Steven Lichtman - Oppenheimer & Company

And then with Pierre on board now, what are the next steps you think we'll see in terms of expansion in Europe? What are the key steps we should be looking for from you guys?

Mike Kaminski

And fairness to Pierre since it’s his first day. I’ll add to it. First thing is obviously, Pierre to get his arms around our business model where we are, look at the sales pipeline and begin to look at the processes and the opportunities that we have in front of us. I think that will take probably a quarter to get through, to really access the state of the business, and Europe is going well, I think it can go better and I think Pierre will add that energy and punch to really get us up on a different curve in Europe, and I am not disappointed at all, I just think there is much opportunity over there. And we see a large opening up in the eastern block. I think that we continue to do very well in Germany and Scandinavia. I think we can do better in some of the other countries like France and England. So I think Pierre’s background allows us an opportunity really look at similar business models and drive a robust process. And we saw the same thing with [Paige] in the US. This should be begun to look at it. We began to really see an accelerant of our company.

an opportunity really look at similar business models and driver robust busses and we saw the same thing with page in the US, so we should began to look at it, we began to really see an (inaudible) of our company.

Steven Lichtman - Oppenheimer & Company

And then lastly, Dan, could you talk a little bit about the working capital changes you are putting in place to lead to that, the improved burn rate I guess in addition to the expense management?

Dan Johnston

Yes, Steve, the cash we generated off the balance sheet from working capital and another balance sheet items offset the operating loss and that’s essentially why we were at breakeven from that metric. We spent about $60,000 on CapEx and that’s what put us into a negative position. It’s pretty classic stuff with regards to monitoring inventory levels. It was actually a little more difficult from an inventory number for us in the quarter because of the orders being pushed out. We had built some systems. So we didn’t do as well on inventory as we did in cash collections and just managing our payables. So, the lion share that came from good collections and we made up for the disappointment in inventory with better management of our payables.

Operator

Thank you. Our next question comes from the line of Sameer Harish with Needham & Company. Please go ahead.

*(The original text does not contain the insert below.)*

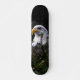 The skateboard has a specific design representing a powerful bald eagle. The skateboard incorporates an illustration or engravment of a bald eagle, an emblematic symbol commonly associated with force, freedom and power. The bald eagle is known as the national bird of the United States and is often associated with majesty and greatness. Therefore, the skateboard with this design looks impressive and symbolic, highlighting strength and elegance through the image of this iconic symbol.

Sameer Harish - Needham & Company

I thought I would ask couple of questions in regards to guidance. Given the delays that you’ve seen with the partner, could you talk a little bit about expectations for fourth quarter? You expect systems to kind of be flattish, up or down from third quarter, how should we think about that?

Mike Kaminski

Systems will be up at fourth quarter, and our guidance, just looking at Dan’s number, single-digits which show a growth over the last year and growth over this third quarter.

Dan Johnston

On the order break, Sameer, I would expect it to kind of continue. We reported year-to-date numbers up about 47%. So, we think that’s in the ballpark what we’ll achieve in the fourth quarter as well.

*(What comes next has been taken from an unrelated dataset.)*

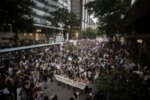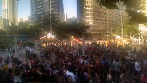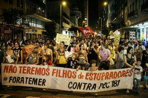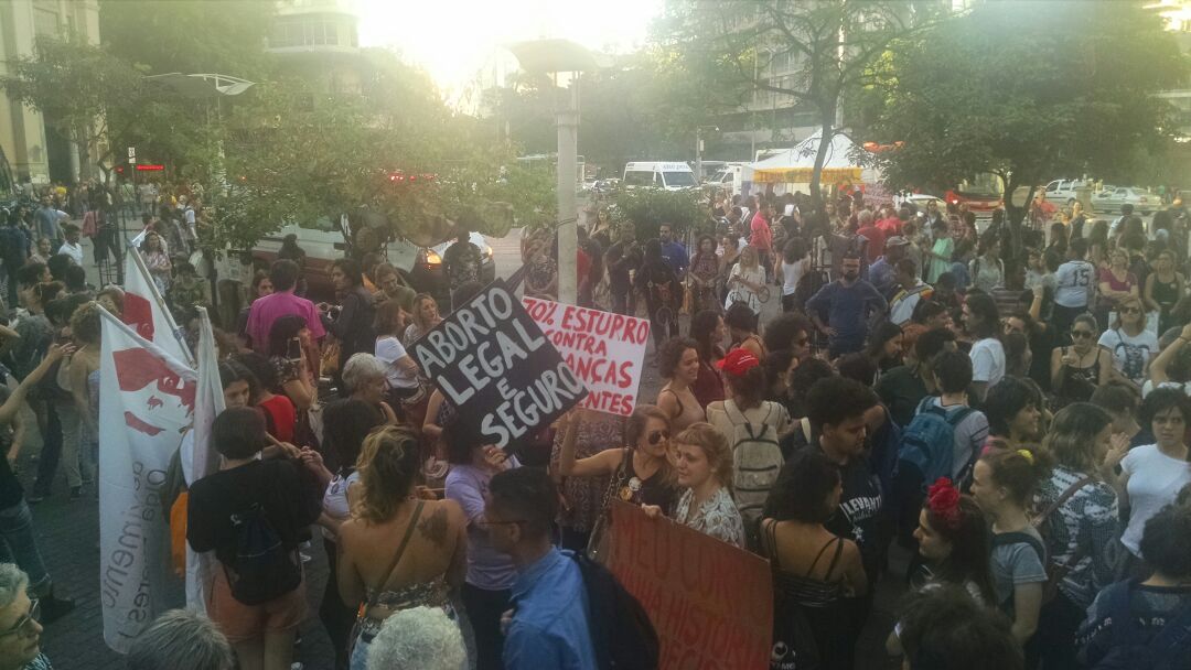 Rio de Janeiro “O corpo é nosso, não da bancada moralista”, é o recado da Frente Estadual pela Legalização do Aborto no Rio de Janeiro. O ato começou às 17h da tarde e as feministas vão marchar rumo a Assembleia Legislativa do Rio de Janeiro (Alerj) contra a ideia de que uma mulher deve ser criminalizada por ter realizado um aborto. As cariocas se concentraram em torno da bandeira da Frente , Contra a Criminalização de Mulheres e Pela Legalização do Aborto. A Cinelândia já ficou pequena para a quantidade de mulheres que gritam juntas FORA TEMER.

Sameer Harish - Needham & Company

And in terms of company profitability, obviously you guys have excelled in terms of, monitoring the cash level and improving the operations. Does this change your thoughts on when you can achieve profitability or at what revenue run rate, maybe could you just update us on kind of what you are thinking there?

Dan Johnston

No, Sameer, I think it’s about the same. I think there has certainly been a shifting or rebouncing of investments in OpEx towards more market facing activities, but I still think we tend to think about breakeven as a quarter in the $21 million range which is the number I think we’ve talked about for a little while. Actually, more powerful the up-tick in margins that we’ve seen, you get to break through the high 60s into the 70 range and then I’d say we’ll continue that indefinitely but that’s also very, very encouraging and if anything that will shorten that road a little bit but right now I think we’d still think about it in terms of an $84 million top-line year or $21 million quarter.

Sameer Harish - Needham & Company

And to follow-up on Steve’s question, how much do you think is less in terms of working capital benefits that you can see?

Dan Johnston

I don’t think a lot. I think we’ve taken it pretty quickly. I mean you can actually go back a year and see that we started picking up. We had very good cash burn numbers in the later half of 2009 and we’ve continued that path and we’ve taken the philosophy that we are going to finance our payables, our inventory actually has, they were payables and to the extent that we can negotiate better terms on collections will do better, on receivable side, but I don’t think you would see the big steps that you saw late last year and we have been able to accomplish. It’s just the number are getting pretty much where they should be and it gets harder and harder to improve it quarter-after-quarter. People hold it there. We are not going to give up any ground.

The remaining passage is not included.